Without locking, there is no control over the order of who actually modifies the counter. So in the above case, even though numcandies was updated to 3 buy consumer, the producer still has a local copy of 5. After updating, it sets the counter to 6, which is completely wrong.
Of course it's critical section - you have to lock it. Uncomment those commented lines.
candytray is a resource for which are threads struggling. There is the rule about independence of tasks: Two tasks are independent if they don't have the same codomain AND first's domain NOT EQUALS second's codomain AND second's domain NOT EQUALS first's codomain. It means that, two tasks only may READ from one memory / variable / etc.
In your case, if candytray is implemented as some queue, you don't need to lock, because "writer" puts data on, let's say, left side, and "reader" reads from right side. So, their domains and codomains not equal and that task are independent.
But, if it is not queue, if it is some, let's say heap, then writer's codomain interfere with reader's domain. They are dependent then and you need to lock.
edit
as you can see, I talked from theoretical aspect, not Python's aspect. But I guess you wanted that.

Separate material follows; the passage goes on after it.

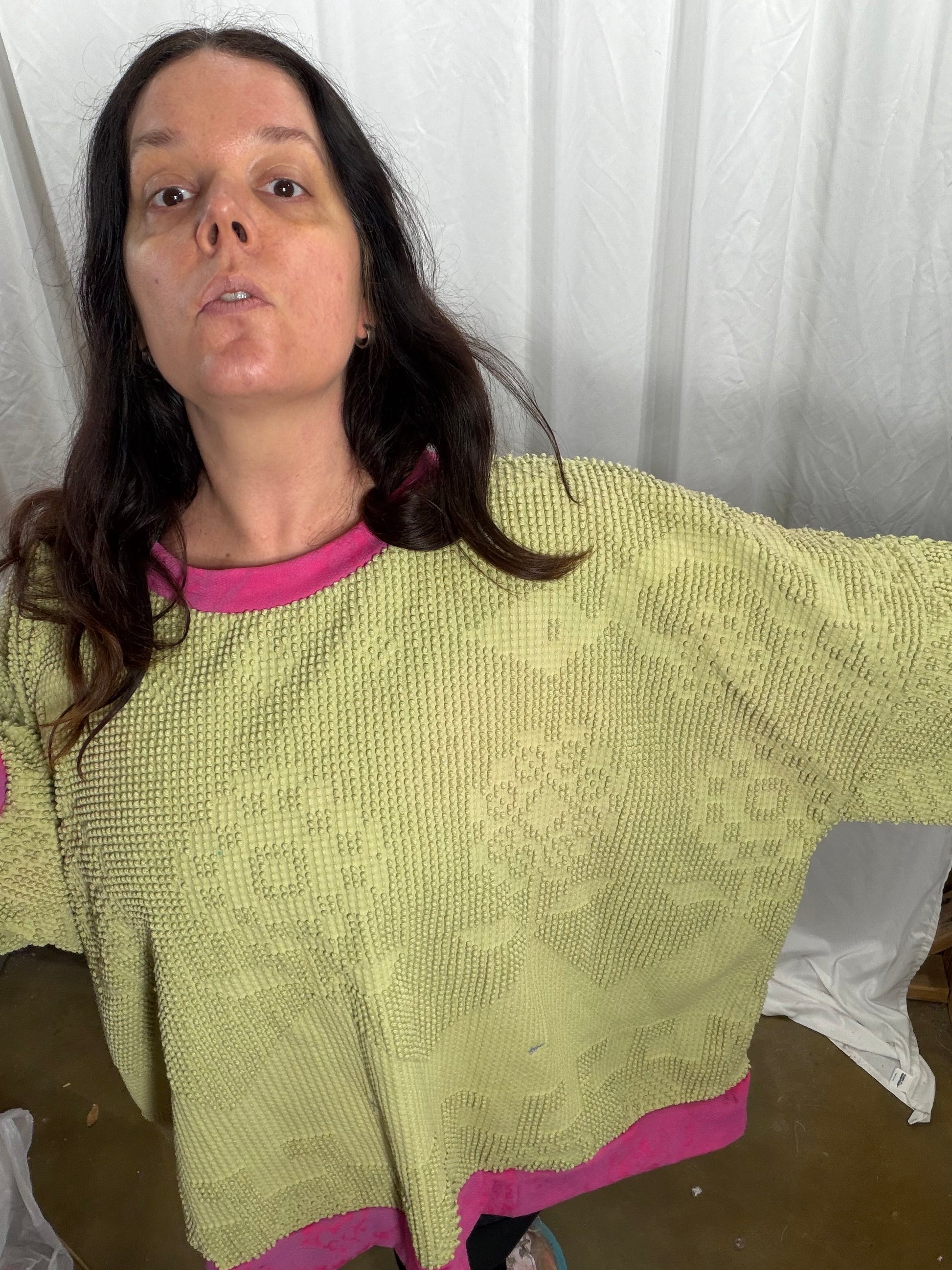Cotton chenille with cotton knit trim

The original code, from Wesley Chun's book Core Python Applications Programming looked like this:
def refill():
lock.acquire()
print 'Refilling candy...',
try:
candytray.release()
except ValueError:
print 'full, skipping'
else:
print 'OK'
lock.release()
def buy():
lock.acquire()
print 'Buying candy...',
if candytray.acquire(False):
print 'OK'
else:
print 'empty, skipping'
lock.release()
Without the lock, the print statements can become interwoven into unintelligible output. For example, suppose the candy tray is full. Then suppose there is a call to refill followed by a call to buy such that the lines of code get executed in this order (without the lock):
print 'Refilling candy...',
print 'Buying candy...',
try:
candytray.release()
if candytray.acquire(False):
print 'OK'
except ValueError:
print 'full, skipping'
The output would look like this:
# we start with 5 candy bars (full tray)
Refilling candy... # oops... tray is full
Buying candy...
OK # So now there are 4 candy bars
full, skipping # huh?
That would not make sense, so a lock is required.